More than 690,000 people will next month receive letters from the Federal Government warning them they could lose all or part of their age pension.
The slashing of the so-called “asset test” comes into force on January 1 and will see some Australians lose more than $14,000 a year in pension income.
Changes announced in last year’s Federal Budget dramatically cut how wealthy Australians can be before they lose the pension.
Under current rules, home-owning couples can have up to $1.17 million in assets, excluding the family house, and still qualify for part of the age pension.
Last year, the Government moved to reduce that threshold to $823,000. At the time, Treasury estimated 91,000 people would lose all their pension and a further 230,000 would receive less.

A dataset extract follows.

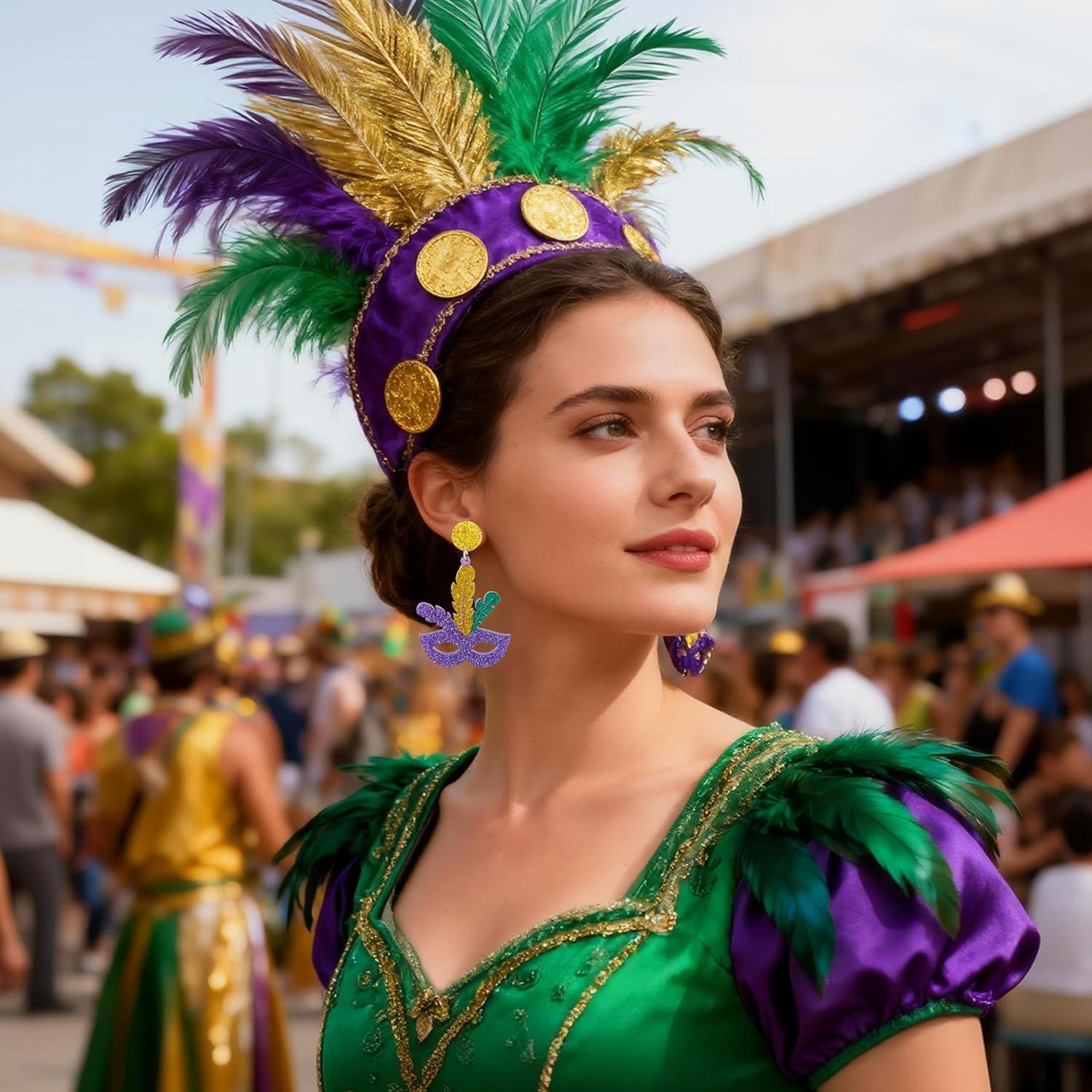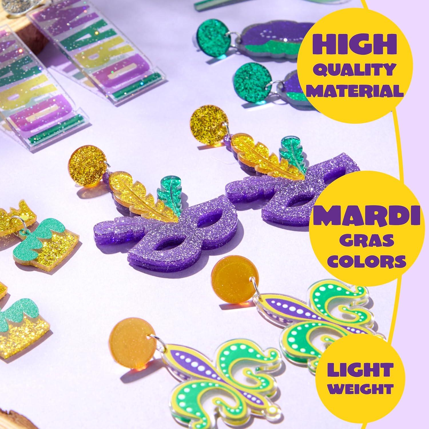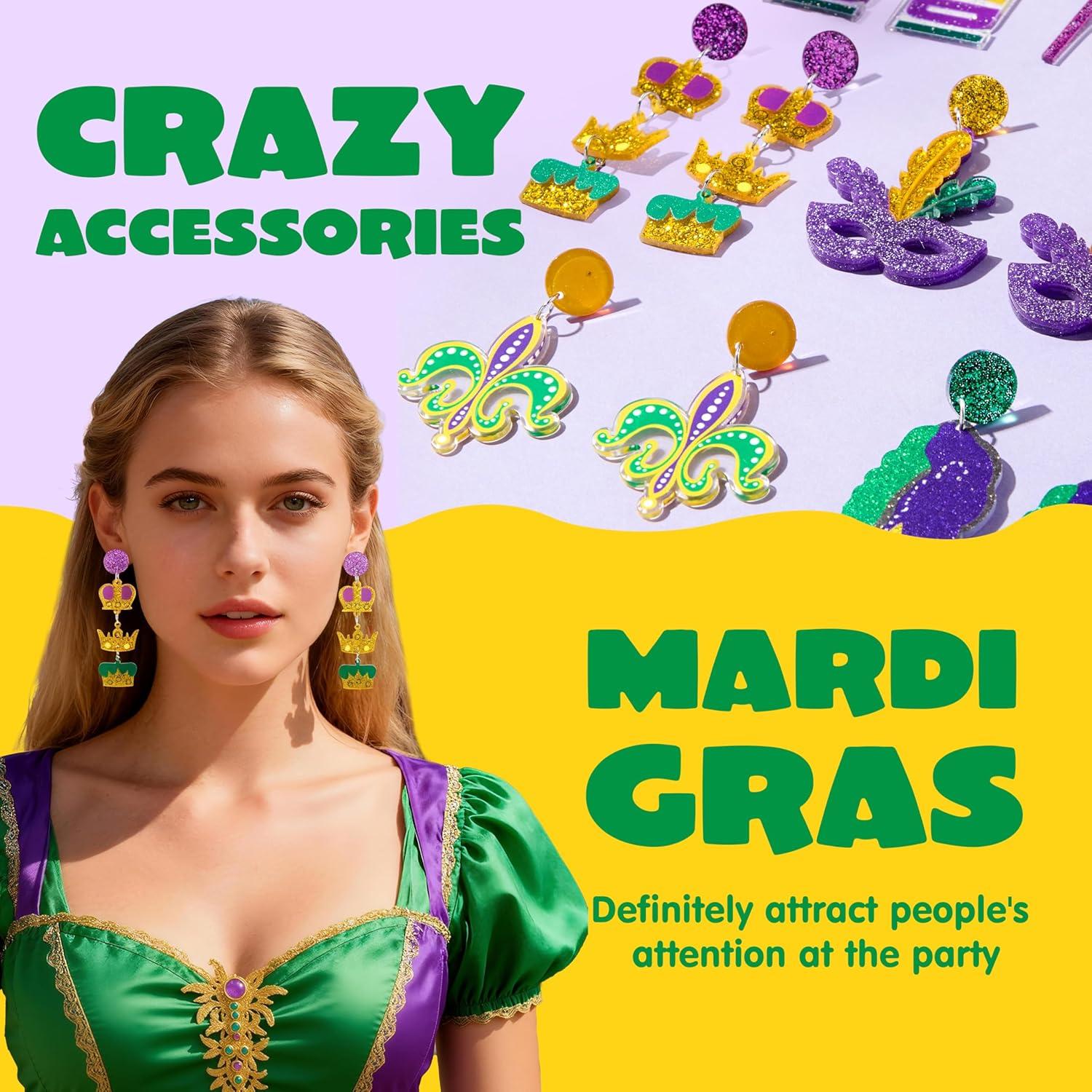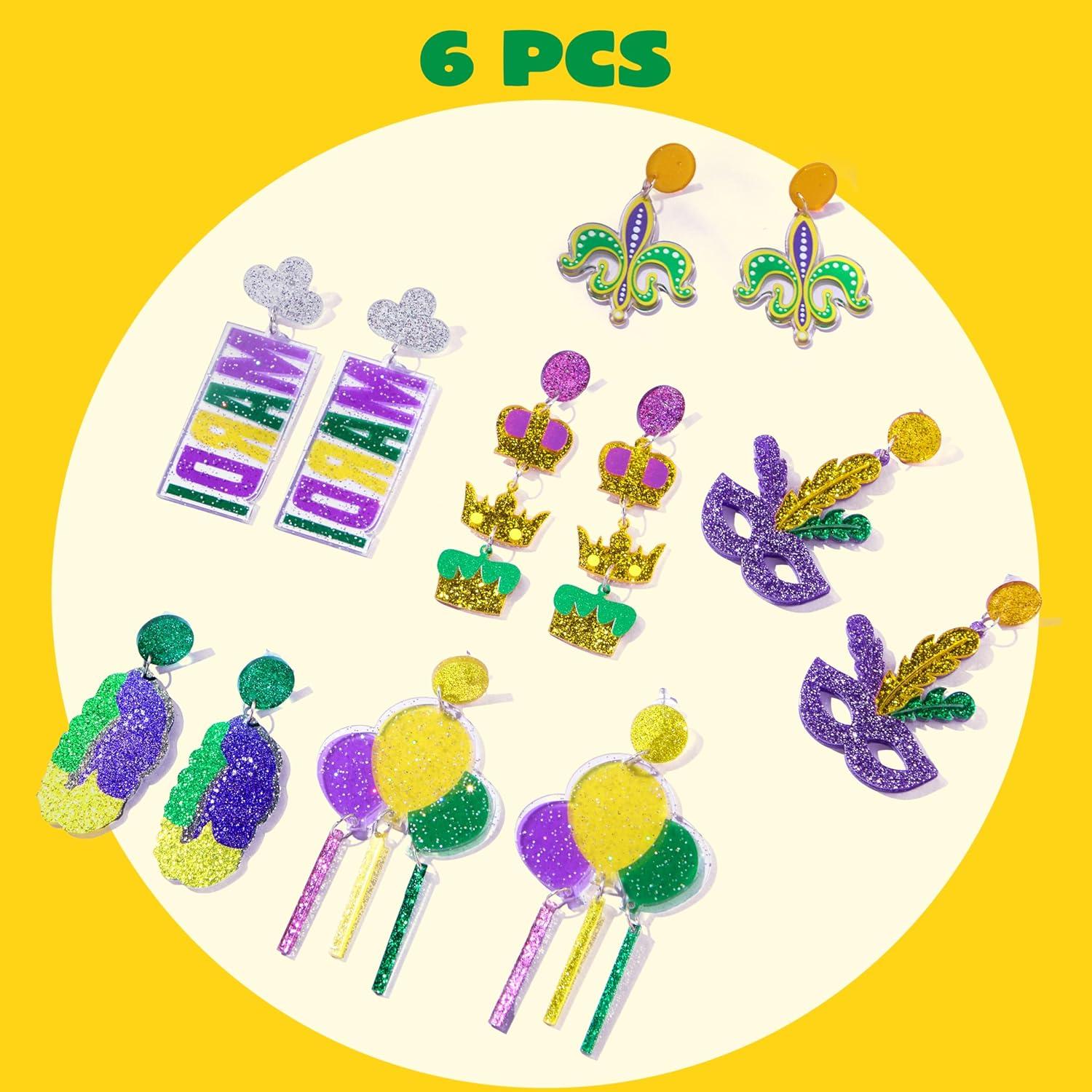 Super Value Pack: In this Mardi Gras earrings set, you'll receive 6 different pairs of Mardi Gras themed earrings. You'll have a unique pair for every party, parade, and festive occasion Mardi Gras Design: Our earrings feature the Mardi Gras colors of gold, green, and purple, adorned with classic Mardi Gras design elements. High Quality: Crafted from lightweight, non-toxic, and safe materials, these Mardi Gras earrings are designed to be comfortable and durable. You can wear them all day and night as you celebrate Mardi Gras without feeling weighed down. Wide Applications: Wear them as part of your Mardi Gras costume, use them as Mardi Gras decor, or share them with friends and guests as party favors. Mardi Gras Accessories: This Mardi Gras earrings set offers instant festivity and charm to your Mardi Gras celebration.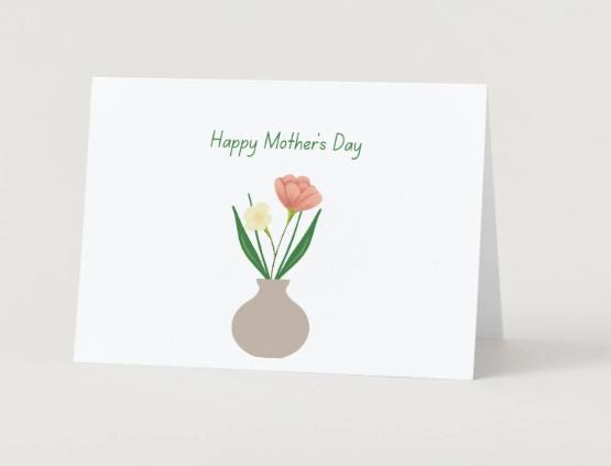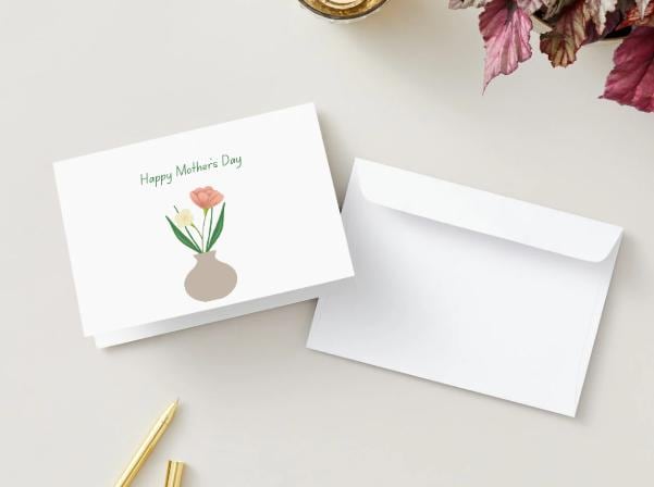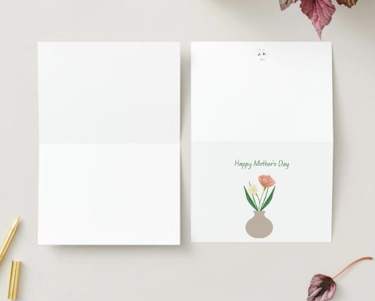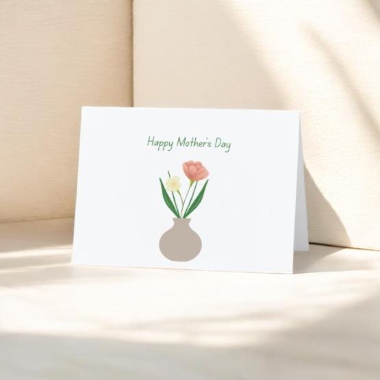 A sweet, minimalist way to celebrate Mom. This folded 5" x 7" card features a delicate flower in a vase, a simple, modern illustration that feels heartfelt without being overdone.

Yesterday, the Government unveiled a further tightening of eligibility. On January 1, couples with assets worth more than $816,000, down from $823,000, will lose every cent of their pension. Single pensioners who own their home will lose payments if they have assets worth $542,500, down from the $547,000 envisaged when the changes were unveiled last year.
The lower threshold means more pensioners will lose payments but the Government does not know how many.
Federal Department of Human Services general manager Hank Jongen said the Government would next month write to 691,000 people with “a significant value of assets”.
“This letter will provide information about the changes to the assets test from January 1, 2017, and advise their payment(s) may be affected as a result,” he said.
“In December, we will send additional letters to those customers whose payment rate will reduce or stop as a result of the January 1 changes.”
The fresh changes to the asset test emerged after the Government yesterday announced the biannual indexation of pension payments.
From this week, single pensioners will get $3.20 extra to $877.10 a fortnight. Couples will get a $5 boost to $1322.40.
Some seniors will benefit from a decision to make it easier to get the Commonwealth Seniors Health Card, which entitles holders to a range of discounts, including GP scripts for $6.20 and cut-price council and water rates.
Couples over 65 can now earn a combined $84,472 a year, an increase of $836, and still get the card. Singles can earn an extra $523 a year, to $52,796.